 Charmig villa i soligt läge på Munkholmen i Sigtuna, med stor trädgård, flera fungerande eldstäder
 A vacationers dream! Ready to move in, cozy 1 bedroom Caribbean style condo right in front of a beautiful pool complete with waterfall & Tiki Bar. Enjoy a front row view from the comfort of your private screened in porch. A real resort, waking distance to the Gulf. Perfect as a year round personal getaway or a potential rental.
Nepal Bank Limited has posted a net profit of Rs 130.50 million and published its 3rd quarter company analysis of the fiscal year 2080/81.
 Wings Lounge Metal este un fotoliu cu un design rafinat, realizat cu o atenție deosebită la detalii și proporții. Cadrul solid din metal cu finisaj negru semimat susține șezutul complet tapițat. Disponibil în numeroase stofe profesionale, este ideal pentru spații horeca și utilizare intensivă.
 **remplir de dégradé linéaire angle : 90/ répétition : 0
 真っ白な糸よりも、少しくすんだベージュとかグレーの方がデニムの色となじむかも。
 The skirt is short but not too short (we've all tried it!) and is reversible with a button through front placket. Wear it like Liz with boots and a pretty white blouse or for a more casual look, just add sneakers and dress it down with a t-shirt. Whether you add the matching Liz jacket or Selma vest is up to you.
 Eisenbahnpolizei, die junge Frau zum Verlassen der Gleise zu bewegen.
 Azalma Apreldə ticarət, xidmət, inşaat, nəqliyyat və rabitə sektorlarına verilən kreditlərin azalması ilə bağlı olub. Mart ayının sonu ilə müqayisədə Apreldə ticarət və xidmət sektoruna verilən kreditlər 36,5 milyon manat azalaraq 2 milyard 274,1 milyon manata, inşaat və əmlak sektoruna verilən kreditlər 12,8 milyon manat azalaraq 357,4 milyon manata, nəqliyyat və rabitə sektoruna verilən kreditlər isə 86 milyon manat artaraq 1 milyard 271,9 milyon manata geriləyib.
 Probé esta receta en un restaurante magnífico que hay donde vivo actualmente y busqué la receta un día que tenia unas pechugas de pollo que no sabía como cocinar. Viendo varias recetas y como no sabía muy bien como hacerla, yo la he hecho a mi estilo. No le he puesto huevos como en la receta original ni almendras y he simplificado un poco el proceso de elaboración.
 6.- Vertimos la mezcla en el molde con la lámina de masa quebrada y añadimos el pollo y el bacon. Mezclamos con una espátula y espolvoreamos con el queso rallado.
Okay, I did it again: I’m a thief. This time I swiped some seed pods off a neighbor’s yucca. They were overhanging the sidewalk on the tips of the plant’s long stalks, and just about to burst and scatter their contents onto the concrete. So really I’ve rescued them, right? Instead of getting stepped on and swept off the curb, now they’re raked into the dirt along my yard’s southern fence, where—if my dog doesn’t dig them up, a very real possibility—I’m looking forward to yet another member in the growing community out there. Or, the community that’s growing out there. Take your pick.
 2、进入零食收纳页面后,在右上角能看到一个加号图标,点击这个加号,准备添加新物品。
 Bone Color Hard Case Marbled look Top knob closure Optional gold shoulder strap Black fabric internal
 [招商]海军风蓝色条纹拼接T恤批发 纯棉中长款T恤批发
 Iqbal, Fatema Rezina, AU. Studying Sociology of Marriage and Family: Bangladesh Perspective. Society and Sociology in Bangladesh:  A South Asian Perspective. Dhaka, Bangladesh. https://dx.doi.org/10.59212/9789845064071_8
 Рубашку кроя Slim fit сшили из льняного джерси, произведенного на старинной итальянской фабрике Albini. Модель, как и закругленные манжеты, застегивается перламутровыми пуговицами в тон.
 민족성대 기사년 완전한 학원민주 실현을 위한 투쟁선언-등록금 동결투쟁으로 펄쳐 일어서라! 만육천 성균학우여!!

**What this task involves**. The records shown above must be returned in full, exactly as written.

**Problem solution**.
 Charmig villa i soligt läge på Munkholmen i Sigtuna, med stor trädgård, flera fungerande eldstäder
 A vacationers dream! Ready to move in, cozy 1 bedroom Caribbean style condo right in front of a beautiful pool complete with waterfall & Tiki Bar. Enjoy a front row view from the comfort of your private screened in porch. A real resort, waking distance to the Gulf. Perfect as a year round personal getaway or a potential rental.
Nepal Bank Limited has posted a net profit of Rs 130.50 million and published its 3rd quarter company analysis of the fiscal year 2080/81.
 Wings Lounge Metal este un fotoliu cu un design rafinat, realizat cu o atenție deosebită la detalii și proporții. Cadrul solid din metal cu finisaj negru semimat susține șezutul complet tapițat. Disponibil în numeroase stofe profesionale, este ideal pentru spații horeca și utilizare intensivă.
 **remplir de dégradé linéaire angle : 90/ répétition : 0
 真っ白な糸よりも、少しくすんだベージュとかグレーの方がデニムの色となじむかも。
 The skirt is short but not too short (we've all tried it!) and is reversible with a button through front placket. Wear it like Liz with boots and a pretty white blouse or for a more casual look, just add sneakers and dress it down with a t-shirt. Whether you add the matching Liz jacket or Selma vest is up to you.
 Eisenbahnpolizei, die junge Frau zum Verlassen der Gleise zu bewegen.
 Azalma Apreldə ticarət, xidmət, inşaat, nəqliyyat və rabitə sektorlarına verilən kreditlərin azalması ilə bağlı olub. Mart ayının sonu ilə müqayisədə Apreldə ticarət və xidmət sektoruna verilən kreditlər 36,5 milyon manat azalaraq 2 milyard 274,1 milyon manata, inşaat və əmlak sektoruna verilən kreditlər 12,8 milyon manat azalaraq 357,4 milyon manata, nəqliyyat və rabitə sektoruna verilən kreditlər isə 86 milyon manat artaraq 1 milyard 271,9 milyon manata geriləyib.
 Probé esta receta en un restaurante magnífico que hay donde vivo actualmente y busqué la receta un día que tenia unas pechugas de pollo que no sabía como cocinar. Viendo varias recetas y como no sabía muy bien como hacerla, yo la he hecho a mi estilo. No le he puesto huevos como en la receta original ni almendras y he simplificado un poco el proceso de elaboración.
 6.- Vertimos la mezcla en el molde con la lámina de masa quebrada y añadimos el pollo y el bacon. Mezclamos con una espátula y espolvoreamos con el queso rallado.
Okay, I did it again: I’m a thief. This time I swiped some seed pods off a neighbor’s yucca. They were overhanging the sidewalk on the tips of the plant’s long stalks, and just about to burst and scatter their contents onto the concrete. So really I’ve rescued them, right? Instead of getting stepped on and swept off the curb, now they’re raked into the dirt along my yard’s southern fence, where—if my dog doesn’t dig them up, a very real possibility—I’m looking forward to yet another member in the growing community out there. Or, the community that’s growing out there. Take your pick.
 2、进入零食收纳页面后,在右上角能看到一个加号图标,点击这个加号,准备添加新物品。
 Bone Color Hard Case Marbled look Top knob closure Optional gold shoulder strap Black fabric internal
 [招商]海军风蓝色条纹拼接T恤批发 纯棉中长款T恤批发
 Iqbal, Fatema Rezina, AU. Studying Sociology of Marriage and Family: Bangladesh Perspective. Society and Sociology in Bangladesh:  A South Asian Perspective. Dhaka, Bangladesh. https://dx.doi.org/10.59212/9789845064071_8
 Рубашку кроя Slim fit сшили из льняного джерси, произведенного на старинной итальянской фабрике Albini. Модель, как и закругленные манжеты, застегивается перламутровыми пуговицами в тон.
 민족성대 기사년 완전한 학원민주 실현을 위한 투쟁선언-등록금 동결투쟁으로 펄쳐 일어서라! 만육천 성균학우여!!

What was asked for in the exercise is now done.